Hatsuyuki Hamada

Personal information
- Born: 1 July 1955 (age 70)
- Occupation: Judoka

Sport
- Sport: Judo

Medal record
Representing Japan
Men's Judo
Asian Championships
| Gold medal – first place | 1981 Jakarta | -60 kg |

Profile at external databases
- JudoInside.com: 5370

= Hatsuyuki Hamada =

Japanese judoka

Hatsuyuki Hamada (濱田 初幸, Hamada Hatsuyuki) is a retired Japanese judoka.

Hamada is from Tsushima, Ehime. He belonged to Ehime Prefectural Police after graduation from Matsuyama University in 1978.

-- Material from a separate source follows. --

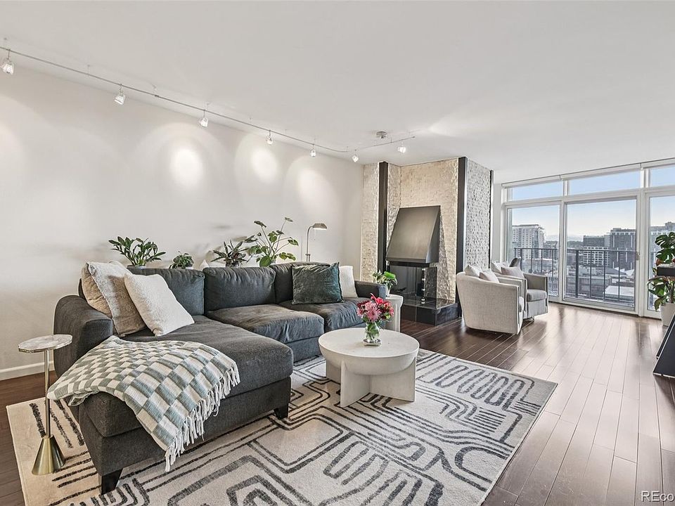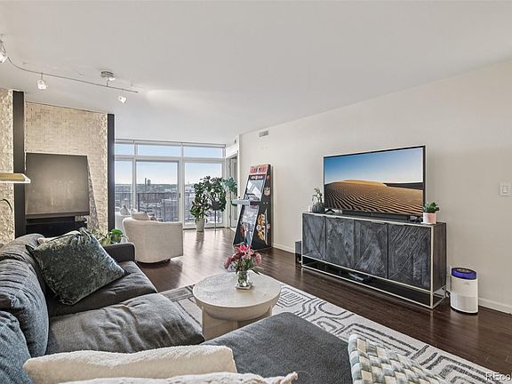 Floor-to-ceiling Pella windows and a sliding glass door fill the space with natural light and frame stunning views of the mountains and Union Station, while also enhancing energy efficiency and sound insulation. A newer installed heat pump and full-size in-unit washer and dryer add to the comfort and convenience. The marble bathroom features a walk-in shower, and custom closets throughout the home maximize every inch of storage.

Hamada was good at Seoi nage, Kouchi gari and Newaza. He participated Asian Championships held in Jakarta, Indonesia in 1981 and won a gold medal. He also won a gold medal at Pacific Rim Championships in 1983.

In 1985, Hamada entered Nippon Sport Science University to be a teacher. After graduation in 1987, he coached judo at high-school in Ehime Prefecture and his old school, Matsuyama University.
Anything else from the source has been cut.